The Arizona law was actually signed in 2007 by former Governor (and current Homeland Security Secretary) Janet Napolitano. The ruling that the law was not preempted holds obvious significance for those who insist that the federal immigration laws do not occupy the entire field. However, the ruling was based on a more specific provision and question of licensing. Chief Justice John Roberts wrote that “[b]ecause we conclude that the state’s licensing provisions fall squarely within the federal statute’s savings clause and that the Arizona regulation does not otherwise conflict with federal law, we hold that the Arizona law is not preempted.”
While the federal Immigration Reform and Control Act of 1986 forbids states from imposing sanctions for hiring illegal immigrants, the law exempts “licensing and similar laws.” The Court found this exemption allowed for state law like the one in Arizona. The most important passage for the upcoming case can be found in Part II-B where four justices stated:
The Arizona licensing law is not impliedly preempted by federal law. At its broadest, the Chamber’s argument is that Congress intended the federal system to be exclusive. But Arizona’s procedures simply implement the sanctions that Congress expressly allowed theStates to pursue through licensing laws. Given that Congress specifically preserved such authority for the States, it stands to reasonthat Congress did not intend to prevent the States from using appropriate tools to exercise that authority.

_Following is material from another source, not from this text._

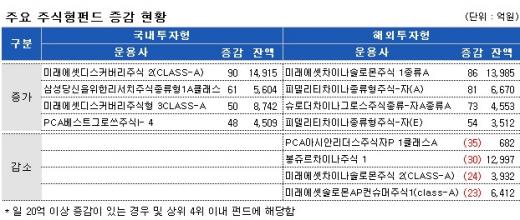 사흘 만에 다시 역전됐다. 지난달 30일 국내 주식형펀드의 자금 유입 규모는 1200억원으로, 해외 주식형펀드 증가액 430억원을 크게 앞섰다.

Justice Anthony Kennedy notably remains silent, but supports the majority. He is likely to be effectively a court of one if the other Arizona law reaches the Court.

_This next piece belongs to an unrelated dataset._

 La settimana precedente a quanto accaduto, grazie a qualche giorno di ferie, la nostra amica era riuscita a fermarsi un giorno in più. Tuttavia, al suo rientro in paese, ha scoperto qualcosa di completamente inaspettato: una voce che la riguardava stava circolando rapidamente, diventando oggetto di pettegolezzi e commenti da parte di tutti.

While Kagan recused herself from the case (due to prior involvement as Solicitor General), the assumption is that she would have joined Justices Stephen Breyer, Ruth Bader Ginsburg and Sonia Sotomayor in dissent. Indeed, one of the most telling aspects of the decision for the upcoming appeal of Arizona’s S.B. 170 is that, while it may not give a full measure of the position of the right of the Court, it probably offers a better glimpse into the left of the Court. If these justices considered the preemption question so clear on licensing, it would seem highly likely that they would be even more confident of preemption in the approaching appeal.
Justice Stephen Breyer makes an argument that could be easily lifted and put into a review of the most recent Arizona law:
First, the state statute seriously threatens the federal Act’s anti discriminatory objectives by radically skewing the relevant penalties . . . Second, Arizona’s law subjects lawful employers to increased burdens and risks of erroneous prosecution. . . And that is my basic point. Either directly or through the uncertainty that it creates, the Arizona statute will impose additional burdens upon lawful employers and consequently lead those employers to erect ever stronger safeguards against the hiring of unauthorized aliens—without counterbalancing protection against unlawful discrimination. And by defining “licensing” so broadly, by bringing nearly all businesses within its scope, Arizona’s statute creates these effects statewide.
At a minimum, the decision this week will encourage continued state experimentation with immigration laws — and prime the keg for the issue in the upcoming presidential election. However, it is clear that we have four justices who would be hostile to the claims under the recent Arizona law.
It is not clear how this opinion will affect Hazleton v. Lozano, et al. (10-772), which has been held by the Court since March 18th. That case involves local city ordinances regulating both employment and access to housing for unlawful aliens living in the city.